Permis de séjour refusé pendant des mois : le Tribunal de Venise condamne la Questure à 50 euros par jour de retard
25 juin 2026 | Studio Legale Oltre
Le Tribunal de Venise, Section spécialisée en matière d’immigration, de protection internationale et de libre circulation, par ordonnance collégiale du 25 juin 2026 (R.G. 5647/2026, Prés. Aceto, Rapp. Del Vesco), a accueilli le recours en référé représenté par Maître Elena Garelli du Studio Legale Oltre. En septembre 2025, le même Tribunal, saisi du recours ex art. 35-bis du décret législatif 25/2008 contre le refus de la protection spéciale, avait suspendu à titre conservatoire les effets du refus, reconnaissant le droit de la personne requérante à rester en Italie et à obtenir un permis de séjour temporaire. Malgré des rappels répétés — courriels certifiés du défenseur et démarches personnelles aux guichets — la Questure de Turin a refusé pendant des mois de délivrer le titre provisoire, et un premier recours en exécution ex art. 669-bis c.p.c. avait été rejeté pour défaut de juridiction.

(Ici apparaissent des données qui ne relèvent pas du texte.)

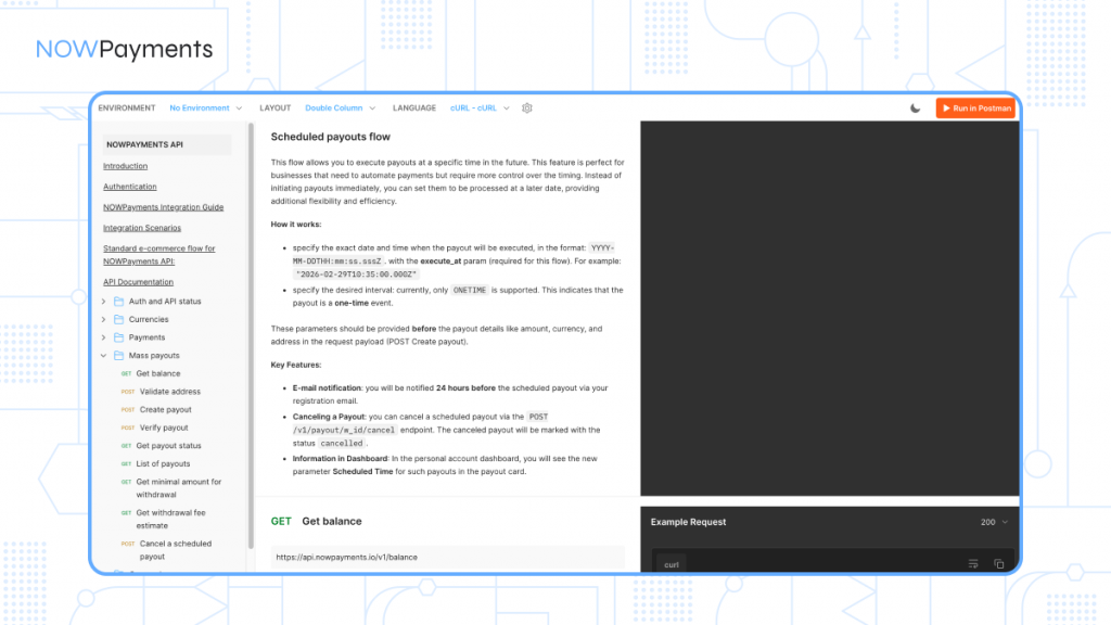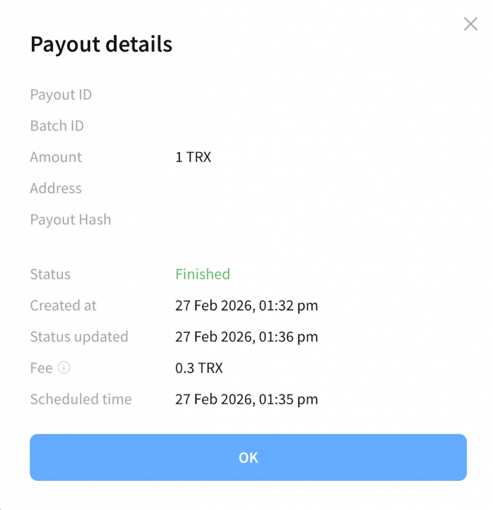 - Dashboard Access: Right now, you need to use the API to create a scheduled payout. However, if you look at the payout details page in your personal account (dashboard), you will already see the new “Scheduled time” field. This lets you visually track your upcoming payments. The ability to create them from the dashboard is coming soon!

Accueillant le recours, le Collège a affirmé la juridiction du juge ordinaire : l’exécution des mesures conservatoires du juge ordinaire relève du même juge qui les a prononcées ex art. 669-duodecies c.p.c., tandis que le recours en exécution devant le juge administratif (art. 112, al. 2, lettre c, c.p.a.) est réservé aux jugements passés en force de chose jugée et aux décisions qui leur sont assimilées, catégories auxquelles les mesures conservatoires — provisoires et insusceptibles de force de chose jugée — n’appartiennent pas (conformes Conseil d’État n. 1463/2021 ; Cassation, Chambres réunies, n. 6039/2019).
Sur le fond, le Tribunal a ordonné à la Questure de Turin de délivrer le permis de séjour temporaire « pour demande de protection spéciale » dans un délai de 30 jours et, en application de l’art. 614-bis c.p.c., a fixé à 50 euros par jour la somme due à la personne requérante pour chaque jour de retard au-delà du délai, avec condamnation du Ministère de l’Intérieur aux dépens. Il s’agit d’une application particulièrement significative de l’astreinte contre l’inertie de la Questure dans la délivrance du permis provisoire : le retard de l’administration a désormais un coût économique quantifié pour chaque jour.